*PROVIDED DATA*.
#####
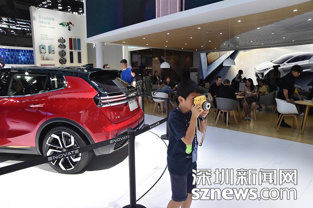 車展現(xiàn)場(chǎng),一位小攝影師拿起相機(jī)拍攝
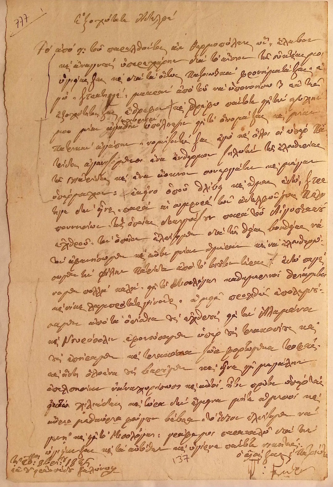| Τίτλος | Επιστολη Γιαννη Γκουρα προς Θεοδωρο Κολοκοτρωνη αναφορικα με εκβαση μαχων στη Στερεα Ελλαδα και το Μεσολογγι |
#####
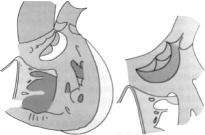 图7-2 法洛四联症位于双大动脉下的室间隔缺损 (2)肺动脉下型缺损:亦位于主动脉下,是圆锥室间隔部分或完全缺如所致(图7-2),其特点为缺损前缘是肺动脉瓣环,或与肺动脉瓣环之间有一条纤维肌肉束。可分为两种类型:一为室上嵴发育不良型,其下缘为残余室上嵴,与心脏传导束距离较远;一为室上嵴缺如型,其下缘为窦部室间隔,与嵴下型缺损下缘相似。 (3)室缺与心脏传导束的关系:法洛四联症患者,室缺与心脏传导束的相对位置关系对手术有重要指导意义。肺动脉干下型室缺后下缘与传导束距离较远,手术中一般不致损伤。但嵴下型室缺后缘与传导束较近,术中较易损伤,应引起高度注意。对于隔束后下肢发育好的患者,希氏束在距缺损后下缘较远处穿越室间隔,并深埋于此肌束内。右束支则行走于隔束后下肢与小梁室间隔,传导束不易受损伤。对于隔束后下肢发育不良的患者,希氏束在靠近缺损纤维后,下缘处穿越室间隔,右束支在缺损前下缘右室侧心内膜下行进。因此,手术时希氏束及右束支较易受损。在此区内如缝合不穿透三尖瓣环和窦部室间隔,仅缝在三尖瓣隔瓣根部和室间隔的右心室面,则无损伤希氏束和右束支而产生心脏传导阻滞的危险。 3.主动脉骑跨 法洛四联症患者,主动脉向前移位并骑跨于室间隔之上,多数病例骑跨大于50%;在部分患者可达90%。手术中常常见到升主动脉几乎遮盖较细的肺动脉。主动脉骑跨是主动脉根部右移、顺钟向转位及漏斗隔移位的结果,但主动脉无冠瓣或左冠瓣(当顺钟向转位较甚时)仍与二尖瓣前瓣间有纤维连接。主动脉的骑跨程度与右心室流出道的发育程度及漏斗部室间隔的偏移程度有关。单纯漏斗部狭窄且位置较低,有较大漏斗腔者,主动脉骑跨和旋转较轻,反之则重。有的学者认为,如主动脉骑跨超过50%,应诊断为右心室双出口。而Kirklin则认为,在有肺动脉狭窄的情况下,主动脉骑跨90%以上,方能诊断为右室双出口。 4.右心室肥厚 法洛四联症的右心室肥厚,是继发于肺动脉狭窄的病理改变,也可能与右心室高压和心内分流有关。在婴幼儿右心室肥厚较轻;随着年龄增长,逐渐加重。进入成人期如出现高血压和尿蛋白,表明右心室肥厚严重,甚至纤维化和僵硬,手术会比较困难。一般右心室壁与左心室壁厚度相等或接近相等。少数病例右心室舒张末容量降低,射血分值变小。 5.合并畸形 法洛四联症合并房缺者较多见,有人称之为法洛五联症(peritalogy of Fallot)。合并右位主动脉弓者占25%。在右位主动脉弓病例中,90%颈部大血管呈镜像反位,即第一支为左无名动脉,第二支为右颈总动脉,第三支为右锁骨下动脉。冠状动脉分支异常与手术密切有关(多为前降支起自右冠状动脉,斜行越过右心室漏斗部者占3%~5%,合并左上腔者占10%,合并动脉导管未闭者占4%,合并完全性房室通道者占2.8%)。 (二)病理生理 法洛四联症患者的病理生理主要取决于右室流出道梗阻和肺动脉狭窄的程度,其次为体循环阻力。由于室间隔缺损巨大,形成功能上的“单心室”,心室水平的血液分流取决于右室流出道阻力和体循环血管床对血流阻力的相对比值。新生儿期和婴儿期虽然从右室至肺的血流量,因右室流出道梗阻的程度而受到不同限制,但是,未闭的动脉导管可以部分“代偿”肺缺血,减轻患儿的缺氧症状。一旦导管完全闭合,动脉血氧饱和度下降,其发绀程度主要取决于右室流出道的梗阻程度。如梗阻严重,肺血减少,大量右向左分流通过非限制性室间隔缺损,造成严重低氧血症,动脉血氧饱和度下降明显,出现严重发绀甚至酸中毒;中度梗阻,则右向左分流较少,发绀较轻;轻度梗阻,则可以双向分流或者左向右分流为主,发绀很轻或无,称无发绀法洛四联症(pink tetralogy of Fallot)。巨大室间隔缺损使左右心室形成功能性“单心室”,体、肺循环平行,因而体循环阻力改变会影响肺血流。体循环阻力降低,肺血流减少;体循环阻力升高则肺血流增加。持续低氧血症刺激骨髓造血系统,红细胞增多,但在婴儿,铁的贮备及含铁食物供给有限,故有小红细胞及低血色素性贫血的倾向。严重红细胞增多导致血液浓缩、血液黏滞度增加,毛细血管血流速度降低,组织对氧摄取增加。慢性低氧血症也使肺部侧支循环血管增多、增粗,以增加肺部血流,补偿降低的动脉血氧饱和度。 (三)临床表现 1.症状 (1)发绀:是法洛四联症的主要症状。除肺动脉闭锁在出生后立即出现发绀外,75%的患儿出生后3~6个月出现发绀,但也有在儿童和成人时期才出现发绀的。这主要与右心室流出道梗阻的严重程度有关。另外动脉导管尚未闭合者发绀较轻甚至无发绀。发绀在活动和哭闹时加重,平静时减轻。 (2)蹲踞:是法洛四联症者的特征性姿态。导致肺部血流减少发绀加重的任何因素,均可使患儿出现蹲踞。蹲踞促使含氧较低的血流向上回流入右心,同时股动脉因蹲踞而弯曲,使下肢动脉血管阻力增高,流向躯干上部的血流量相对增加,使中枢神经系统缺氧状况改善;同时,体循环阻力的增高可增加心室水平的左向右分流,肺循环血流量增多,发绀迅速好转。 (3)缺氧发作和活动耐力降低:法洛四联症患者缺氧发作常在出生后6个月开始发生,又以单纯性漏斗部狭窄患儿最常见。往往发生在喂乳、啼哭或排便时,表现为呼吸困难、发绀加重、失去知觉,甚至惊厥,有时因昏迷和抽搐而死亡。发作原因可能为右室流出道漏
#####
*WORK ITEM*. Everything above from the line containing "車展現(xiàn)場(chǎng),一位小攝影師拿起相機(jī)拍攝" through the line containing "το Μεσολογγι |" must be repeated exactly, and the pictures must be left out.

*RESPONSE AREA*.
 車展現(xiàn)場(chǎng),一位小攝影師拿起相機(jī)拍攝
| Τίτλος | Επιστολη Γιαννη Γκουρα προς Θεοδωρο Κολοκοτρωνη αναφορικα με εκβαση μαχων στη Στερεα Ελλαδα και το Μεσολογγι |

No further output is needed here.